Archbishop Prendergast High School was an all-girl Catholic high school in the Roman Catholic Archdiocese of Philadelphia. It has been merged with Monsignor Bonner High School and renamed.

It is located in Drexel Hill, Pennsylvania. The school is often referred to by its nickname, "Prendie". The school operates in a landmark building that formerly served as St. Vincent Orphanage.  The school mascot is a panda bear.

In September 2005, Bugh the Office of Catholic Education of the Archdiocese of Philadelphia announced that Archbishop Prendergast High School and the neighboring school for boys, Monsignor Bonner, would begin operating under one administration beginning in July 2006. Bonner's president, Rev. Augustine M. Esposito, O.S.A., Ph.D., was appointed President of the new co-institutional Monsignor Bonner-Archbishop Prendergast. The Principal of Archbishop Prendergast High School, Mary Haley Berner, herself an alumna of Prendergast, was named the first principal of the co-institutional school in January 2006.

Campus History
The tract of land upon which Monsignor Bonner and Archbishop Prendergast Catholic High Schools were built was originally owned by Christopher Fallon, who constructed an impressive octagonal mansion on the site in 1850. The house was named "Runnymede" after the Fallon family seat in Roscommon County in Ireland. In 1882, the unusual building was purchased by Colonel Anthony J. Drexel. The mansion stood on what was at that time called the hill of Drexel, and consequently the surrounding area became known as Drexel Hill. In 1908, the mansion burned to the ground with only the gatehouse, which had served as servants' quarters, remaining.

In 1917, the Archdiocese of Philadelphia purchased the  for $57,000 and the Ordinary, Archbishop Edmond Francis Prendergast, announced the construction of an orphanage for five hundred orphans to be operated by the Sisters of Charity of the Blessed Virgin Mary.

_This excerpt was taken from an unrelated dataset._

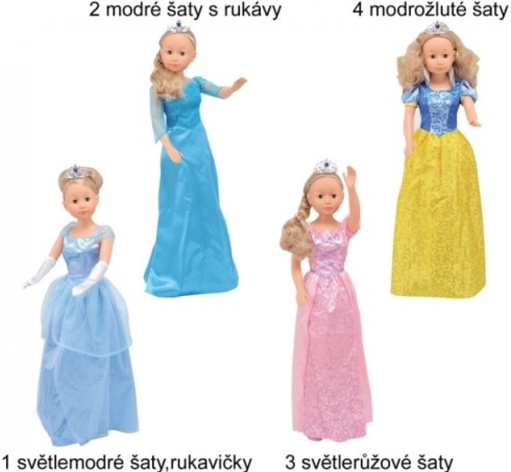 Panenka Bambolina Molly princezna se bude líbit každé holčičce. Krásná panenka je oblečená v nádherných šatech. Výška panenky je asi 99 cm. Rozměry balení: cca 34 x 99 x 15 cm Věk: 3+ Cena je za 1 ks. Varianty zboží: 1 světlemodré šaty, rukavičky 2 modré šaty s rukávy 3 světlerůžové šaty 4 modrožluté šaty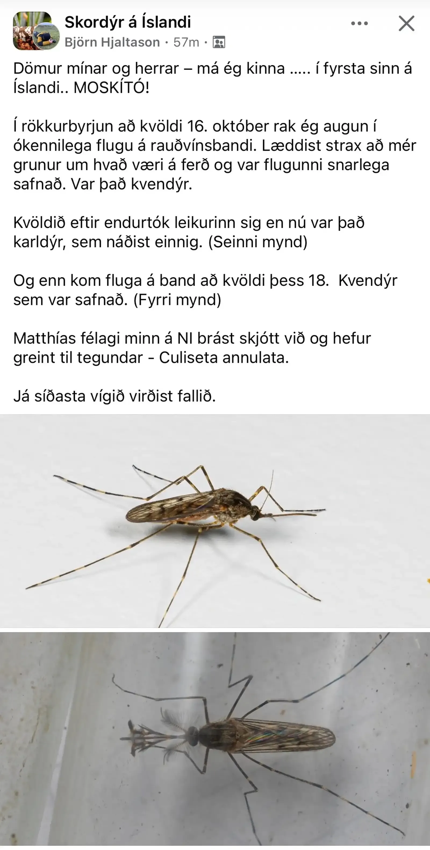 帖子一经发出便迅速引起关注,随后由冰岛自然历史研究所(Icelandic Institute of Natural History)的昆虫学家 Matthías Alfreðsson 确认,这些蚊虫属于 Culiseta annulata 种,这是该物种及蚊虫在冰岛本土的首次被证实记录。

The orphanage replaced one demolished to allow the construction of the Benjamin Franklin Parkway.  It was named St. Vincent's Orphanage. Paul Monaghan was employed as architect and commissioned to build "one of the finest buildings in the diocese." Work on the project was slowed by the war, and Archbishop Prendergast died before the work was completed.

On May 9, 1920, the dedication took place. 40,000 people, accompanied by bands and musicians, walked from 69th Street to the dedication. Another 20,000 walked from the Pennsylvania Railroad Station in Lansdowne, and 65,000 more arrived by motorcar or by trolley from 69th Street. Archbishop Dennis Dougherty and Governor Sproul spoke to the 125,000 well-wishers gathered on the front lawn and along Garrett Road.

St. Vincent's functioned as an orphanage for over 30 years. By 1952, the number of children needing care had dwindled, and the Most Reverend John F. O'Hara decided to move the remaining orphans to a smaller building in Saint David's and convert the facility into Archbishop Prendergast High School for Boys, to meet the increasing demand for a Catholic high school in the expanding western suburbs.  Three years later, the Archdiocese constructed a new building on the same tract and named it Monsignor Bonner High School in memory of Reverend John J. Bonner, the former diocesan Superintendent of Schools. Bonner then became a school for boys and Prendergast was designated as a school for girls.

In September 2005, the Office of Catholic Education of the Archdiocese of Philadelphia announced a restructuring under which both schools would operate under one administration, beginning on July 1, 2006. Bonner's president was appointed president of the new co-institutional Monsignor Bonner & Archbishop Prendergast Catholic High School. The Principal of neighboring Archbishop Prendergast High School, Mary Haley Berner, was named Principal of the co-institutional school in January 2006.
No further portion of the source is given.